Transition Milk May Benefit Dairy Calves
Most dairy producers are aware that providing calves with 3-5 quarts of high quality (>50 mg IgG/L) colostrum as soon as possible after birth is critical for ensuring transfer of passive immunity to get calves off to a good start. After the first 24 hours, many producers switch their calves to either a milk replacer or whole milk feeding regime. However, recent research suggests that there may be some benefits of feeding colostrum or transition milk for a longer period of time, even after the critical 24-hour window has passed.
Composition of Transition Milk
Transition milk refers to milk that is produced during the first 2-3 days after calving. This milk is an intermediate between colostrum and whole milk. The composition of transition milk can be highly variable, but in general, it contains more solids relative to whole milk. According to researchers at the University of Minnesota, milk from the second milking can contain 30% more fat, 170% more protein, 15% more calcium, 458% more vitamin A, and 406% more vitamin E than whole milk. Furthermore, milk from the third milking can contain 65% more protein, 15% more calcium, 232% more vitamin A, and 273% more vitamin E than whole milk.
In addition to greater nutrient content, transition milk and colostrum both contain higher levels of bioactive compounds, hormones, and growth factors. Some of these bioactive compounds are suggested to have an impact on the development of the calf gut microbiome. Others, such as insulin and insulin growth-like factor 1 (IGF-1) are suggested to improve intestinal development and nutrient absorption in young calves. Milk from milking 2 contains 3,063% more insulin and 1,513% more IGF-1 than whole milk, while milk from milking 3 contains 1,336% more insulin and 860% more IGF-1 than whole milk.
Effects on Calf Performance
Recent work conducted at Michigan State University showed that feeding transition milk to calves from day 2 through 4 can increase pre-weaning daily gains in calves.
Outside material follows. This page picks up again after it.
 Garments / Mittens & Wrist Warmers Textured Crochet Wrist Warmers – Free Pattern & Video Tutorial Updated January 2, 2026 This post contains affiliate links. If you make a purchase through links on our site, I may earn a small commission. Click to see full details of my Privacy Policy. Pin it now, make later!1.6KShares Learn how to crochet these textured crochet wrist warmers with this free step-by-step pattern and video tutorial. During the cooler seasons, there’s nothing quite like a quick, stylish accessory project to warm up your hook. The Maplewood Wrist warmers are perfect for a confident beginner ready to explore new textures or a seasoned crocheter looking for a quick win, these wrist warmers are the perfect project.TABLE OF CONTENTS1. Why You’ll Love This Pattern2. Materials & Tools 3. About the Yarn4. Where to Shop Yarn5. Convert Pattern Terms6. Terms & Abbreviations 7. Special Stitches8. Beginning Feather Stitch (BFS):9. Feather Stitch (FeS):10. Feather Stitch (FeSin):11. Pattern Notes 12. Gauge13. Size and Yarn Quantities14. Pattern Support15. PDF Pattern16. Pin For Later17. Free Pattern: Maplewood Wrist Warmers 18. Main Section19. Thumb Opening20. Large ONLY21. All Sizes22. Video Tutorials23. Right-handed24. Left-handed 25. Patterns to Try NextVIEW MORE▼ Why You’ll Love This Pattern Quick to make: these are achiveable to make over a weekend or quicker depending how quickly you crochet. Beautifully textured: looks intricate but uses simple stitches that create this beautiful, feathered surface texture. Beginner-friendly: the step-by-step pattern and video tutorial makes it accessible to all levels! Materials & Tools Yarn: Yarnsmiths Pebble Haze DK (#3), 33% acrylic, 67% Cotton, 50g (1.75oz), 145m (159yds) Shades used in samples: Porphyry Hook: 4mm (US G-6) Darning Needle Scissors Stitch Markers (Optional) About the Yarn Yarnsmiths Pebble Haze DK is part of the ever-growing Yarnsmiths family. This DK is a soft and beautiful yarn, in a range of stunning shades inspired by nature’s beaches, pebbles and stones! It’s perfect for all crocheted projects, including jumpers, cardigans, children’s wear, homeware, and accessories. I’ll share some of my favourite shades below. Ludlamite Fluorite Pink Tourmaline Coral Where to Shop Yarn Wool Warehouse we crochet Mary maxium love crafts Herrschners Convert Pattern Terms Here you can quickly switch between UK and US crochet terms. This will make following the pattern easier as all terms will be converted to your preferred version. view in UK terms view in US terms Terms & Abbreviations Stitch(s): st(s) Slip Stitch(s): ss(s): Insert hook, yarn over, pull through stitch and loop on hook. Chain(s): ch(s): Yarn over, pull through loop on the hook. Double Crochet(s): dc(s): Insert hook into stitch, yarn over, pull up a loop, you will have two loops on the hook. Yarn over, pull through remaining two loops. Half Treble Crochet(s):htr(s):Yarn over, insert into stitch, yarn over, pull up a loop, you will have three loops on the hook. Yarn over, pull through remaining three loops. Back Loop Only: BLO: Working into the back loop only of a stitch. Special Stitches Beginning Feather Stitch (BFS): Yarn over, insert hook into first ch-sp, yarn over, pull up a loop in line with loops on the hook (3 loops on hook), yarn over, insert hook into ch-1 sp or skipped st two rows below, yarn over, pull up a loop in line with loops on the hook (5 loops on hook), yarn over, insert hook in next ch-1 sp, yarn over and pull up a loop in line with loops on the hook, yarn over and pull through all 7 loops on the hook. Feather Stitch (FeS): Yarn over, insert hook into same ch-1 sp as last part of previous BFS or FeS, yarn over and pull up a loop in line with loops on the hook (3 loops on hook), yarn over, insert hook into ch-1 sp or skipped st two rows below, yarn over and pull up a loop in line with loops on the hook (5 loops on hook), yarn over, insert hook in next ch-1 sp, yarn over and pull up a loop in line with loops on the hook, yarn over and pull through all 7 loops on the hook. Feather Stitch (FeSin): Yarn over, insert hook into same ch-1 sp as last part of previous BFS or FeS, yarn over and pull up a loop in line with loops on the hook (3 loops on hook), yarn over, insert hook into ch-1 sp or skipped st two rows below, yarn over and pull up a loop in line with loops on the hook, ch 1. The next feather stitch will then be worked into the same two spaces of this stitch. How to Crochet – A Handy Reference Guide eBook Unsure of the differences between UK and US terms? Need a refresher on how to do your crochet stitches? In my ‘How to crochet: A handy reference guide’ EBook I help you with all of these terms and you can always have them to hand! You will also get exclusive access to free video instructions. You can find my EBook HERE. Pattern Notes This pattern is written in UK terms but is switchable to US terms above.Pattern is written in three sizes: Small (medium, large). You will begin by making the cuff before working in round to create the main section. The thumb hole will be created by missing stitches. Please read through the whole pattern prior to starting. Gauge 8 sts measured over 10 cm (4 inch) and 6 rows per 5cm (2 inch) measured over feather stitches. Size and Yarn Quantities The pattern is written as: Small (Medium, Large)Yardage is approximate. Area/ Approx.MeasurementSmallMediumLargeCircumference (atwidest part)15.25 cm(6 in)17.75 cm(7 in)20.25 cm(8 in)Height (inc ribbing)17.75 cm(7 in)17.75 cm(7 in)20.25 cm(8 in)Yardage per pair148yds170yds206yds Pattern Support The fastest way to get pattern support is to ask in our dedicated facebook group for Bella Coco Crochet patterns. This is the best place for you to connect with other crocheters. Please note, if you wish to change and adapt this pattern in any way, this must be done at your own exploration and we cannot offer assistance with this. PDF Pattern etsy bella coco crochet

A recent international study fed calves whole milk supplemented with colostrum (7 or 14%) for 14 days to mimic transition milk feeding. Results from that study also indicated increased pre-weaning daily gains with colostrum-supplemented whole milk. They also observed an increase in pre-weaning heart girth circumference and some indications of improved respiratory health in calves fed the colostrum-supplemented whole milk as well.
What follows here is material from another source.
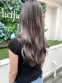 ブリーチを使ったバレイヤージュで明るいところを作って柔らかいシルバーベージュカラーをのせてます。根元が暗く毛先が明るいグラデーションカラーなので伸びてきても目立たない!!アレンジも可愛いのでオススメです!!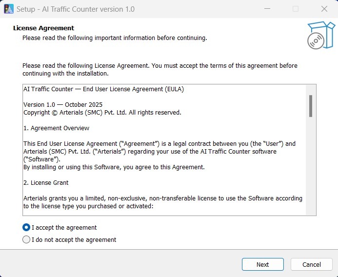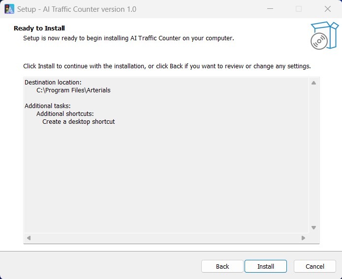 - Once installed, launch Arterials AI Traffic Counter from your desktop or Start Menu.

Long-term effects of transition milk feeding have not been studied. However, recent studies that have examined the long-term effects of environmental conditions in utero and during early life would suggest the possibility for this practice to have long-term effects on calf performance. The increase in pre-weaning growth for calves fed transition milk or colostrum-supplemented whole milk alone would also suggest a potential long-term impact on lactation performance since higher pre-weaning growth is associated with increased milk production. Research is currently underway to evaluate potential impacts of transition milk feeding on long-term animal performance.
Putting it in Practice
For producers who are not already feeding colostrum or transition milk to calves over 24 hours old and are interested in trying this practice, producers should think carefully before jumping in with both feet.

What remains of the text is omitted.